EXERCISE: Each line of the data must be written out again verbatim; no image belongs in the copy.

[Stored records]

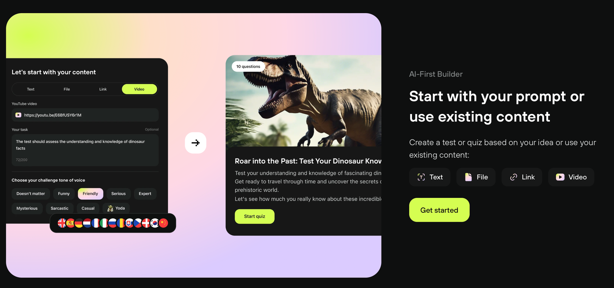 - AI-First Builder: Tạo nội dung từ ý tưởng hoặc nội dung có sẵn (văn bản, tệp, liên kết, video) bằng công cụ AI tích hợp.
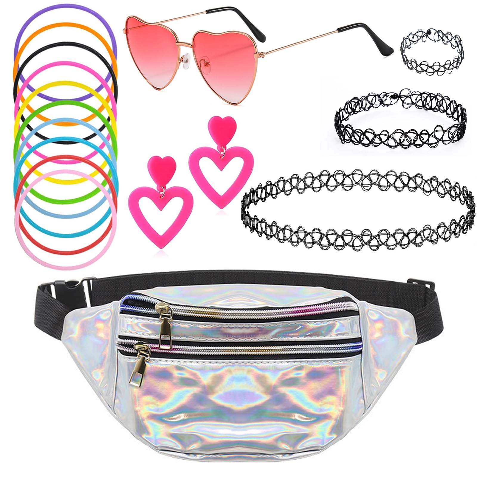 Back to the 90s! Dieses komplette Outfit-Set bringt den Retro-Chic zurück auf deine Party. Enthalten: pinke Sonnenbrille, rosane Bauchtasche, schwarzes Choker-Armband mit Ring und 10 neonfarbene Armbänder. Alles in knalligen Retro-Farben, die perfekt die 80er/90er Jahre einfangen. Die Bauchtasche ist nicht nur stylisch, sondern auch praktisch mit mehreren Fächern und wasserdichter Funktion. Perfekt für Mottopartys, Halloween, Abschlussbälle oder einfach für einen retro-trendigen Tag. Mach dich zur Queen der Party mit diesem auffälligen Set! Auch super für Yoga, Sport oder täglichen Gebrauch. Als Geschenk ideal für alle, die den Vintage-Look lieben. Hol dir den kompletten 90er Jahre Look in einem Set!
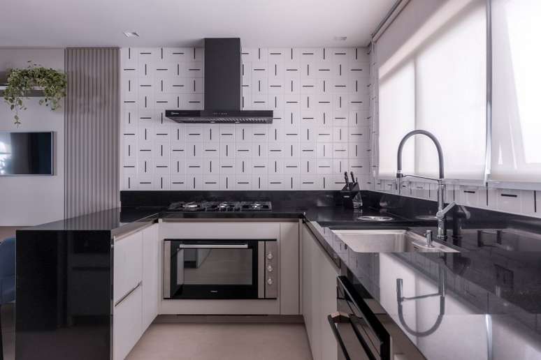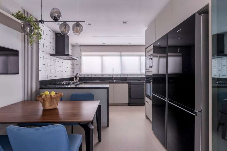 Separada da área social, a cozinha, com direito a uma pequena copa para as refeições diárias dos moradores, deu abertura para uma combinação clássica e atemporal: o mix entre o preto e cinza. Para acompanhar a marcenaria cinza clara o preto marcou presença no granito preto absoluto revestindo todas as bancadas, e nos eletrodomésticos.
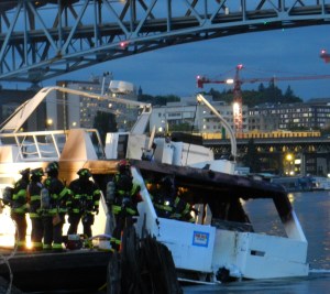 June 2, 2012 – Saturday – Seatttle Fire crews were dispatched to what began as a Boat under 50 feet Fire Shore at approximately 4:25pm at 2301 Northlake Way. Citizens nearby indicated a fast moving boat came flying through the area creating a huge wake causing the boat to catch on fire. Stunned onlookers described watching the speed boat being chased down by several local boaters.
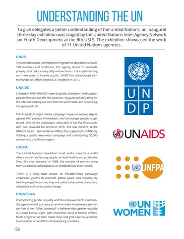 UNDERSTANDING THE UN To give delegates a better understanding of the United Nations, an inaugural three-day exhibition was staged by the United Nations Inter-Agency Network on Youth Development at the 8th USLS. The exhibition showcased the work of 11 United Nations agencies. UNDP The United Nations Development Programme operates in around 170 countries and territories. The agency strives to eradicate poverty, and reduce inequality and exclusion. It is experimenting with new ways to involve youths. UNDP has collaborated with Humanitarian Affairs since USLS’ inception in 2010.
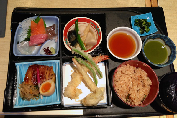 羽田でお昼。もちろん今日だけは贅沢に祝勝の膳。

TASK ANSWER:
 - AI-First Builder: Tạo nội dung từ ý tưởng hoặc nội dung có sẵn (văn bản, tệp, liên kết, video) bằng công cụ AI tích hợp.
 Back to the 90s! Dieses komplette Outfit-Set bringt den Retro-Chic zurück auf deine Party. Enthalten: pinke Sonnenbrille, rosane Bauchtasche, schwarzes Choker-Armband mit Ring und 10 neonfarbene Armbänder. Alles in knalligen Retro-Farben, die perfekt die 80er/90er Jahre einfangen. Die Bauchtasche ist nicht nur stylisch, sondern auch praktisch mit mehreren Fächern und wasserdichter Funktion. Perfekt für Mottopartys, Halloween, Abschlussbälle oder einfach für einen retro-trendigen Tag. Mach dich zur Queen der Party mit diesem auffälligen Set! Auch super für Yoga, Sport oder täglichen Gebrauch. Als Geschenk ideal für alle, die den Vintage-Look lieben. Hol dir den kompletten 90er Jahre Look in einem Set!
 Separada da área social, a cozinha, com direito a uma pequena copa para as refeições diárias dos moradores, deu abertura para uma combinação clássica e atemporal: o mix entre o preto e cinza. Para acompanhar a marcenaria cinza clara o preto marcou presença no granito preto absoluto revestindo todas as bancadas, e nos eletrodomésticos.
 June 2, 2012 – Saturday – Seatttle Fire crews were dispatched to what began as a Boat under 50 feet Fire Shore at approximately 4:25pm at 2301 Northlake Way. Citizens nearby indicated a fast moving boat came flying through the area creating a huge wake causing the boat to catch on fire. Stunned onlookers described watching the speed boat being chased down by several local boaters.
 UNDERSTANDING THE UN To give delegates a better understanding of the United Nations, an inaugural three-day exhibition was staged by the United Nations Inter-Agency Network on Youth Development at the 8th USLS. The exhibition showcased the work of 11 United Nations agencies. UNDP The United Nations Development Programme operates in around 170 countries and territories. The agency strives to eradicate poverty, and reduce inequality and exclusion. It is experimenting with new ways to involve youths. UNDP has collaborated with Humanitarian Affairs since USLS’ inception in 2010.
 羽田でお昼。もちろん今日だけは贅沢に祝勝の膳。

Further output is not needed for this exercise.